Recently, the Immigration and Naturalization Service was publicly embarrassed when it became known that the agency had issued visas to two of the terrorists who crashed planes into the World Trade Center on Sept. 11.

A flight school in Venice, Fla., received notification on March 11 that INS had approved student visas for two of its alumni: Mohamed Atta and Marwan Al-Shehhi, who reportedly piloted the jetliners that hit the twin towers.

Two Republican congressmen, one from Colorado and the other from Wisconsin, sharply criticized INS, saying it "was completely and totally dysfunctional." The press really had a field day with this one. President Bush, at a press briefing, said that he was "plenty hot" about it. Critics called for the dismantling of INS.

Glossed over by the media was the fact that a decision to issue the visas was made last summer, well before Sept. 11. At the time, there wasn't any information outstanding that should have prevented INS from granting the request.

In addition, because of a backlog at INS, the paperwork wasn't processed until just recently. And guess who processed the paperwork? Not federal employees.

The final mailing to Atta and Al-Shehhi was sent by a processing center in London, Ky., run by a private contractor, Affiliated Computer Services Inc. Processing the application and sending out the notice was the responsibility of the private-sector contractor, not federal employees.
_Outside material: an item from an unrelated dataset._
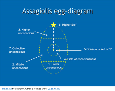 The last source of theory in my work researches the process of spiritual growth leading to wholeness of the personality known as Individuation theory discovered by Carl Gustav Jung. And in this particular area we’re talking about Transpersonal development by selective reception in the individual of the super-rational. And for that we are supported by Roberto Assagioli’s work in Psychosynthesis in which is shown at the top his egg diagram (6) in which an individual can receive transpersonal spiritual influences.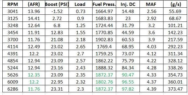 As for other modifications - none, really. I made the tune "safe" by lowering boost as much as I could and adjusted the MAF curve, but that's a given when doing something like this. I had to get the extra fuel line in order to incorporate the filter as easily as I did, but that's about it. Boost was around 15psi @ 6k rpm when I saw the high duty cycle. Quote:

President Bush: Do you still want to increase the number of federal jobs that are contracted out?

"Experienced INS workers who have been working 12-hour shifts to fight the war on terrorism should not be wrongly accused for a contractor's serious error," said Bobby Harnage, national president of the American Federation of Government Employees. And he's right. What's scary is that both liberals and conservatives have been quite eager to bash feds on this issue.

Last fall, Attorney General John Ashcroft unveiled the Bush administration's plans to overhaul INS, dividing the agency into two components: one responsible for law enforcement, the other in charge of services to immigrants. The effort was intended to head off more drastic congressional proposals to effectively dismantle the agency. Congress is unhappy with INS because it has no system in place for tracking foreign students, and that's a legitimate beef.

Meanwhile, INS' director recently testified before Congress that the agency "is currently on schedule" to introduce a modern system for tracking foreign students by Jan. 1, 2003. The system would replace the approach in which INS examiners mail information to a processing center, where a private contractor enters data and ultimately sends paperwork back to a school on the status of an applicant.

These changes make sense, but blaming INS for the failure of a contractor is neither accurate nor fair. And is it really fair to hold federal employees accountable if federal contractors are not?

Zall is a retired federal employee who since 1987 has written the Bureaucratus column for Federal Computer Week. He can be reached at [email protected]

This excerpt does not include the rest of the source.